The thirteen year old at the extermination camps who sang on the river. Knowing the Russians were coming, the guards shot every one of them left in the head - but somehow he still survived. (Was he in fact brain damaged?) One of two survivors out of 400,000 killed at Chelmno. "Why do you smile so much?" "I'm alive, and it's better to smile." That the town of Auschwitz was 80 % Jewish - the irony. Lanzmann and his invaluable Polish translator Barbara Janicka, who's never fazed by anything she's translating.
For those who disbelieve - the evidence is all in the 'special train' reports.
The Jews' stolen property and possessions were used to pay for their transportation to the camps - they financed their own annihilation. The irony. "There was no budget for the extermination of the Jews." And by extension, they had also payed for the construction of the camps and the gas that killed them.
Often dispassionate testimonials. A calm camera. Its endless journey across country, on railways, filming often in bleak winter. Trains as instruments of death. The secrecy of the whole thing.
The ex-Nazis, secretly filmed. None seem regretful / aware. The Special Trains boss who claimed he knew nothing of Treblinka.
The scale of it all - so horrifyingly big. The brutality of the guards. How did the survivors cope? "By shutting down". But you can't unsee what you've seen.
The Poles who were aware what was going on. "Before the war, the Jews and the Germans ran all the businesses." Some definitely thought they were better off without them.
A Czech worker at Auschwitz was so appalled he stepped into the gas chamber - but a woman who knew him said "What good would that do?" |
It was the above section of the film, beginning with Rudolf Vrba trying to get the healthier Czechs to revolt, ending in the gas chambers, that I found the most upsetting.
Raul Hilberg, preeminent Holocaust scholar |
Vrba was the Auschwitz escapee. I read the publication of his co-authored Vrba-Wetzler report in 1944 probably prevented the extermination of 200,000 Hungarians who were destined for a death camp.
And through the nine hours I hadn't really thought about my own quarter-Jewish connection to the material. It was only after that I remembered once having a conversation with my mum about how the Holocaust had affected my family. She reassured me that her husband's family had immigrated from the Netherlands before World War One, way before Hitler.. but that some of the extended family left back there had been.. what's that word in the film? "Processed". So thinking about that was quite a kick in the gut. (Yes - the euphemistic language.
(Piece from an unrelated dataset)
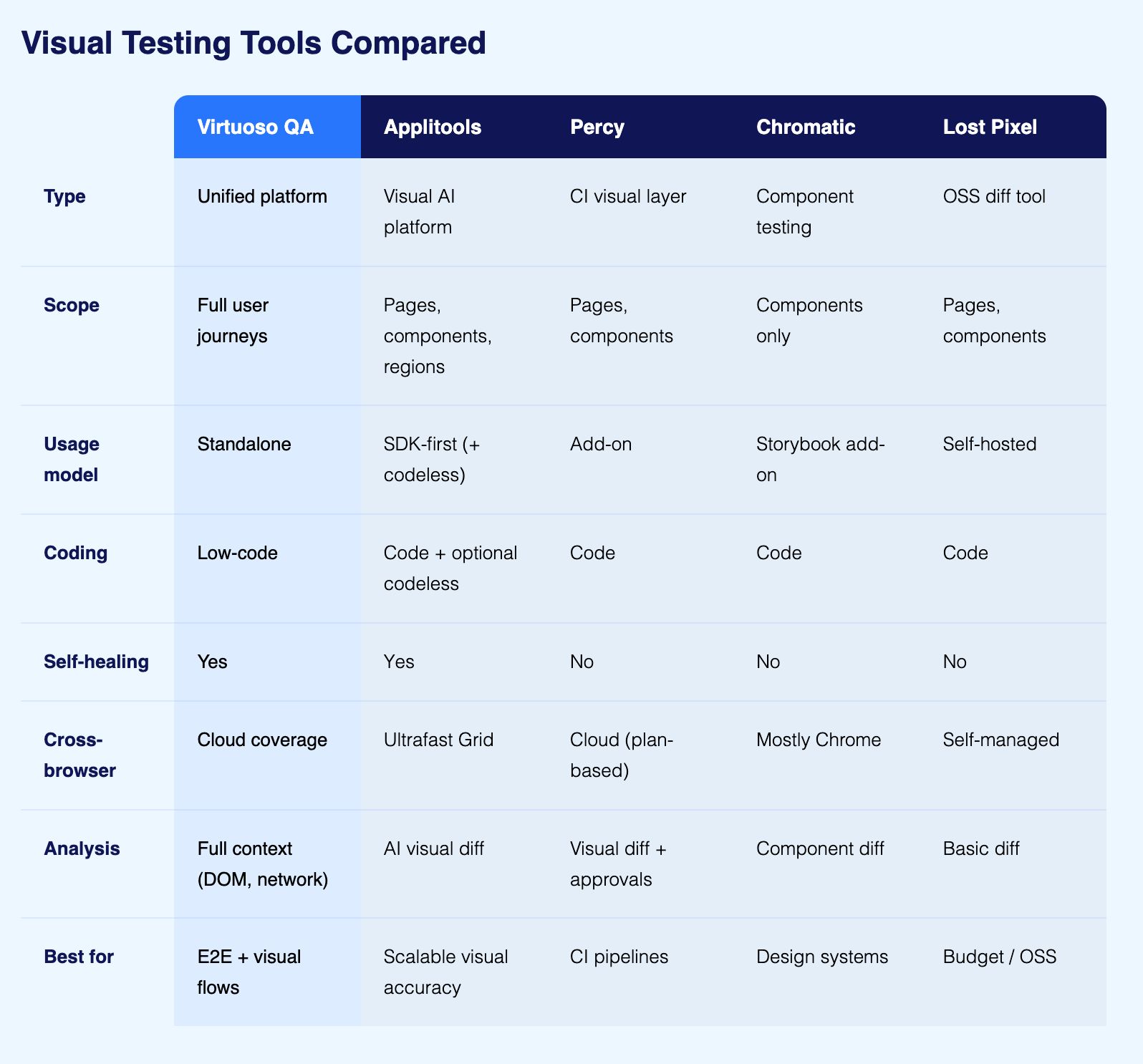 If a mature Selenium, Cypress, or Playwright suite is already running, Percy or Applitools integrate with what exists without requiring a rebuild. If starting from scratch or replacing an existing framework, a unified platform like Virtuoso QA that handles functional and visual testing together is worth evaluating before committing to two separate tools.

In one memorandum about the gas trucks the Jews are referred to as the "merchandise", and the Jews from the Warsaw ghetto aren't being sent to their death in Treblinka but being "resettled".)
But the single thought I was left with was how could the German / Ukrainian / Lithuanian soldiers, the guards, have gone through with their endless horrifying treatment of the people without objecting or rebelling? How could they live with their actions?